§ Problem description: Keeping each line exactly as it is, output all of the records.

§ Excerpted data:
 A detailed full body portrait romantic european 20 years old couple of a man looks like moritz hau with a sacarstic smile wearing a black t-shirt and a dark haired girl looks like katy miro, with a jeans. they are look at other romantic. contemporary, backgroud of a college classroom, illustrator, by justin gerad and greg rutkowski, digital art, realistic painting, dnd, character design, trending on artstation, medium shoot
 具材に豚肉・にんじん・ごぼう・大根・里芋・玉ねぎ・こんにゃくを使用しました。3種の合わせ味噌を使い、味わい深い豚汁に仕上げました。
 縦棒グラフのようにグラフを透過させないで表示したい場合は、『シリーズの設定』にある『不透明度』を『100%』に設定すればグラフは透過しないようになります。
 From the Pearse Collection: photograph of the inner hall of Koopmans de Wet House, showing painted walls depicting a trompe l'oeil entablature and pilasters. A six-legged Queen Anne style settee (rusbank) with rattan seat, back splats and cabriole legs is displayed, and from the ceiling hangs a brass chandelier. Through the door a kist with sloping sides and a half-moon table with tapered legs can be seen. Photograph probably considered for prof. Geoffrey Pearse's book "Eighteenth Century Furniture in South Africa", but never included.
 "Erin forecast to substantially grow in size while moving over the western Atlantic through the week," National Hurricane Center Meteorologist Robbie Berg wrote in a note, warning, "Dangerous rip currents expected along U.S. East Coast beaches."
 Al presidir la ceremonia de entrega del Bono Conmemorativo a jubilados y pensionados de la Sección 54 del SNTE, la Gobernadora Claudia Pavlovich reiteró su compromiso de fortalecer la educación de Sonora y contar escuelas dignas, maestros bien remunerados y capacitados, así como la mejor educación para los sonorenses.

§ Answer area:
 A detailed full body portrait romantic european 20 years old couple of a man looks like moritz hau with a sacarstic smile wearing a black t-shirt and a dark haired girl looks like katy miro, with a jeans. they are look at other romantic. contemporary, backgroud of a college classroom, illustrator, by justin gerad and greg rutkowski, digital art, realistic painting, dnd, character design, trending on artstation, medium shoot
 具材に豚肉・にんじん・ごぼう・大根・里芋・玉ねぎ・こんにゃくを使用しました。3種の合わせ味噌を使い、味わい深い豚汁に仕上げました。
 縦棒グラフのようにグラフを透過させないで表示したい場合は、『シリーズの設定』にある『不透明度』を『100%』に設定すればグラフは透過しないようになります。
 From the Pearse Collection: photograph of the inner hall of Koopmans de Wet House, showing painted walls depicting a trompe l'oeil entablature and pilasters. A six-legged Queen Anne style settee (rusbank) with rattan seat, back splats and cabriole legs is displayed, and from the ceiling hangs a brass chandelier. Through the door a kist with sloping sides and a half-moon table with tapered legs can be seen. Photograph probably considered for prof. Geoffrey Pearse's book "Eighteenth Century Furniture in South Africa", but never included.
 "Erin forecast to substantially grow in size while moving over the western Atlantic through the week," National Hurricane Center Meteorologist Robbie Berg wrote in a note, warning, "Dangerous rip currents expected along U.S. East Coast beaches."
 Al presidir la ceremonia de entrega del Bono Conmemorativo a jubilados y pensionados de la Sección 54 del SNTE, la Gobernadora Claudia Pavlovich reiteró su compromiso de fortalecer la educación de Sonora y contar escuelas dignas, maestros bien remunerados y capacitados, así como la mejor educación para los sonorenses.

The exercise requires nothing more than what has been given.